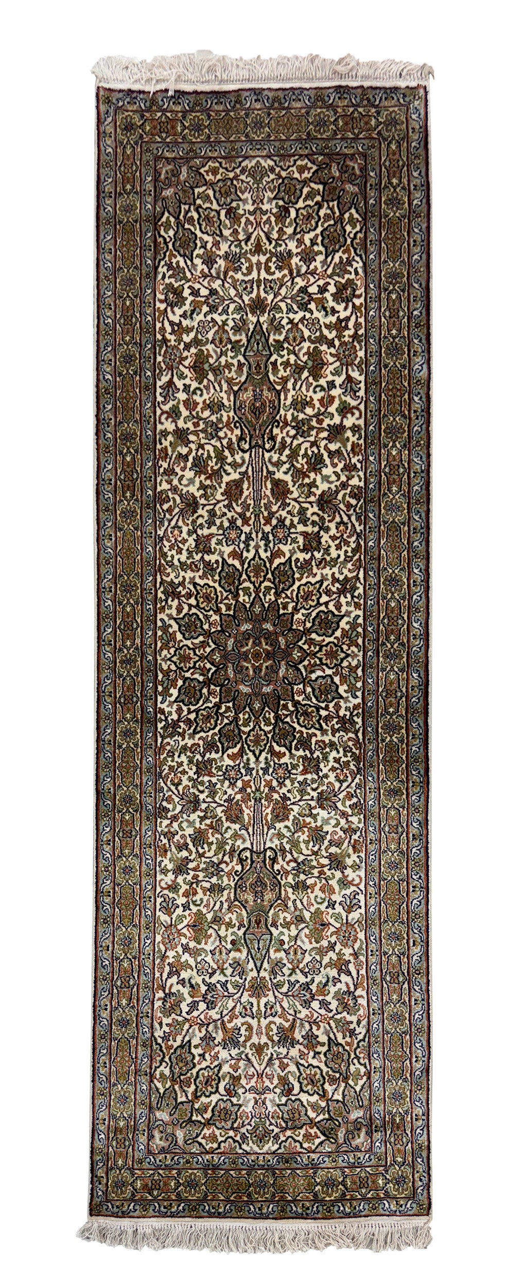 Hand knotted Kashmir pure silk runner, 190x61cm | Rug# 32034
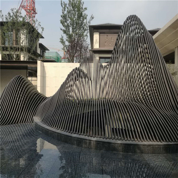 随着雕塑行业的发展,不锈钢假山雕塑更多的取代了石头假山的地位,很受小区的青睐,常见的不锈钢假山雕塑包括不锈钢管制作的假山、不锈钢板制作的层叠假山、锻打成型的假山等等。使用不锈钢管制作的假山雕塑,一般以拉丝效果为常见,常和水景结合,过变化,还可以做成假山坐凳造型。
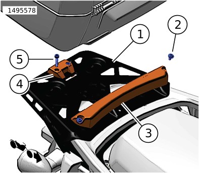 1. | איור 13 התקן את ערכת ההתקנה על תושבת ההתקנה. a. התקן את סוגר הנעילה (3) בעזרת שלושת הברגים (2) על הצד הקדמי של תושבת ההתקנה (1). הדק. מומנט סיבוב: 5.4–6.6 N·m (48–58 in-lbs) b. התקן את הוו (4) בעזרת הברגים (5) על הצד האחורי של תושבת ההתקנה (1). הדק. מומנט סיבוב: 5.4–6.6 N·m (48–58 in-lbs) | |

• _Problem requirements_
The whole listing above should be restated word for word, minus any images.

• _Output for this task_
 Hand knotted Kashmir pure silk runner, 190x61cm | Rug# 32034
 随着雕塑行业的发展,不锈钢假山雕塑更多的取代了石头假山的地位,很受小区的青睐,常见的不锈钢假山雕塑包括不锈钢管制作的假山、不锈钢板制作的层叠假山、锻打成型的假山等等。使用不锈钢管制作的假山雕塑,一般以拉丝效果为常见,常和水景结合,过变化,还可以做成假山坐凳造型。
 1. | איור 13 התקן את ערכת ההתקנה על תושבת ההתקנה. a. התקן את סוגר הנעילה (3) בעזרת שלושת הברגים (2) על הצד הקדמי של תושבת ההתקנה (1). הדק. מומנט סיבוב: 5.4–6.6 N·m (48–58 in-lbs) b. התקן את הוו (4) בעזרת הברגים (5) על הצד האחורי של תושבת ההתקנה (1). הדק. מומנט סיבוב: 5.4–6.6 N·m (48–58 in-lbs) | |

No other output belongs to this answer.